Big Data = The New BI?
>> Written by @Waldemar Adams, Vice President of Business Intelligence, SAP EMEA
Over the last 6-10 months there is quite an increase in news and discussions about "Big Data". Interesting enough a lot of that is attached to Analytics and Business Intelligence as THE use-case. This is not really a surprise as BIG data became the umbrella term for some key trend and business opportunities in the BI market.
Business Intelligence, and Analytics, is this year again CIO’s #1 priority (as of Gartner’s annual CIO survey) - for a reason and again since many years now.
Despite the need to leverage at best underlying technology of the given time which might be ERP, OLAP, RDBMS in the past and is now Mobile, Cloud and in-memory in our decade, the demand to better understand whats going on in the company, to optimize the performance and to leverage the business opportunities stays the same.
OLAP and cubes were the promise for better Analytics and Business Intelligence starting in the late 90’s of the last century. And this was true at the given time. The accelerated growth of data, both from operational sources with more level of detail and with faster update cycles and also the need to understand and analyze unstructured data from like social media very much changed the game. Data doubles every 18 months and 70% of this growth is from unstructured sources. Therefore the business started suffering from getting the best insight out of the data reaching more and more often the limits.
In-memory databases starting their rocket-like rise in the early 2010 decade, very much spearheaded by SAP’s HANA as it is designed to solve the data dilemma. In parallel Hadoop became more relevant and considered as the "new database“ still need to pass the reality check.
To set the poles, when HANA was designed to be the high performance analytic appliance to enable all users to analyze the corporate KPI’s at the speed of thoughts, Hadoop's core purpose is an open source, easy to deploy and manage technology to store lots of data on commodity hardware.

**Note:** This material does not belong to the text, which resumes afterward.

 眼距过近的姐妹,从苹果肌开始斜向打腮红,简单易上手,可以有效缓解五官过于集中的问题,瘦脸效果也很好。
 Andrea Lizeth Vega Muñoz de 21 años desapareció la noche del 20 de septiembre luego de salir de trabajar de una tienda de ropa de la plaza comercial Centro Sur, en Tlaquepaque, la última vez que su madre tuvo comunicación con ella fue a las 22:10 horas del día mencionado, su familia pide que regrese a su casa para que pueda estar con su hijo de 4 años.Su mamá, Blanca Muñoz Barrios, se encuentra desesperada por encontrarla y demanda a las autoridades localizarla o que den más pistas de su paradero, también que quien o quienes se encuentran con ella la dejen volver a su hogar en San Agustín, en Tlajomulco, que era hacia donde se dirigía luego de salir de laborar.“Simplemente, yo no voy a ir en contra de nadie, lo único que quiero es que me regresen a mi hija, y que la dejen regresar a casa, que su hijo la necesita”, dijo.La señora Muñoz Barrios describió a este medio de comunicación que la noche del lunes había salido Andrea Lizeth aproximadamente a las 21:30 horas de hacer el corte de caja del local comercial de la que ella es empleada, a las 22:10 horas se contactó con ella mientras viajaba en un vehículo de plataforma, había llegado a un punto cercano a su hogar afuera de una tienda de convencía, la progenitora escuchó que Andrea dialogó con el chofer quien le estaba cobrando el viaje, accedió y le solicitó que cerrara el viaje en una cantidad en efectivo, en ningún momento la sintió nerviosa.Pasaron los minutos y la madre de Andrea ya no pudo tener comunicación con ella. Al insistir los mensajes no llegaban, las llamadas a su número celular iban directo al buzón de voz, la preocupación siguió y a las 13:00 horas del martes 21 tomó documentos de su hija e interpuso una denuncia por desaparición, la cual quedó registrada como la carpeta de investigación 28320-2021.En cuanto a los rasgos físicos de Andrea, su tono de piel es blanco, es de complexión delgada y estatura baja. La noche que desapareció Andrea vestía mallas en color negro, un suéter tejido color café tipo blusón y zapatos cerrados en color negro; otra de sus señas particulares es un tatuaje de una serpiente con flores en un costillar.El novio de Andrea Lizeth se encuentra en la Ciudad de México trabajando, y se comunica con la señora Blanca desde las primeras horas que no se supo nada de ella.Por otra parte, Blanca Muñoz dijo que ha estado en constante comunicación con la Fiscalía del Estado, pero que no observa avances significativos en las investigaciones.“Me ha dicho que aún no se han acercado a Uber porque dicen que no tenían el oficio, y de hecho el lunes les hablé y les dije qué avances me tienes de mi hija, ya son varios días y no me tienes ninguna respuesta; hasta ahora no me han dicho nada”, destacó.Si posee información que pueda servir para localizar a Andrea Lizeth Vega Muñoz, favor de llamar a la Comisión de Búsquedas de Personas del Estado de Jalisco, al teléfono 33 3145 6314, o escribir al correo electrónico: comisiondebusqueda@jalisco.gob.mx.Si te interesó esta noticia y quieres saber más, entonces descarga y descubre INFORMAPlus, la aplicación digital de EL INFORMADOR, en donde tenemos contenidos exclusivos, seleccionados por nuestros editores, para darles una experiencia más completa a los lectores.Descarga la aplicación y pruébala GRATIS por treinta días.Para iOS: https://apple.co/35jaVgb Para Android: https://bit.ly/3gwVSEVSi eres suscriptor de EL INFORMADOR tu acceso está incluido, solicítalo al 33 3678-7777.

But the promise of 'big data' is not only to have and host mass data. Just to store huge amount of data is also possible with traditional RDBMS at the final end. And that is the reason many companies started to suffer from the lack of agility turning their data into dark data which only consumes space but doest add any value. The real benefit is to turn that 'dark data‘ back into insight again and make it available for lots of users and allow them to get a better understanding of their relevant piece of the business. 15% of Fortune 500 will be able to fully exploit “Big Data” for competitive advantage by 2015
Data is an asset which needs to be leveraged to drive corporate performance, no matter how much data or of which kind, structured and unstructured. And 'big data‘ is todays #hashtag for this promise.
SAP with its Real-Time-Data-Platform (RTDP) is well prepared to host and provide hot data but also seamlessly integrates Hadoop to store mass data like web-logs or unstructured data from social media sources.
The perfect answer to an architecture is not the one OR the other but the right mix based on the specific requirements.
Hadoop standalone will most likely not allow to achieve the performance needed for the Analytic needs.
HANA and in-memory is ideal as the leading platform to host data for Analytics as it is taylor-made and build for it.
SAP’s Business Intelligence platform is agnostic by design and supports HANA and also Hadoop as one of the more than 120 possible data sources and technologies which are supported.
If a company wants to embark on big data just add an instance of Hadoop to the traditional warehouse.
With the one consistent layer of BI and the build-in multi-source capabilities access both the KPI’s from the DWH enriched by data from Hadoop is just a mouse click away. It works well but based on the Hadoop distribution this can result easily in slow performance.
To really drive the change and to leverage the benefits of big data an in-memory database like SAP HANA is the better starting point.
SAP HANA provides a federated architecture where certain data can technically reside in different buckets like in Hadoop or SAP IQ.
This federation technology hides the 'where‘ does the data technically resides both to the report designer or data discovery user. They only see the one constant source of data from the SAP RTDP which allows them to focus on using the data and not force them to tame the data sources.
If you want to read more details about SAP’s offering in the BIG data / BI space here’s a link http://www.sap.com/bigdata
As Obi Wan would phrase: May the 'big data' (be) with you!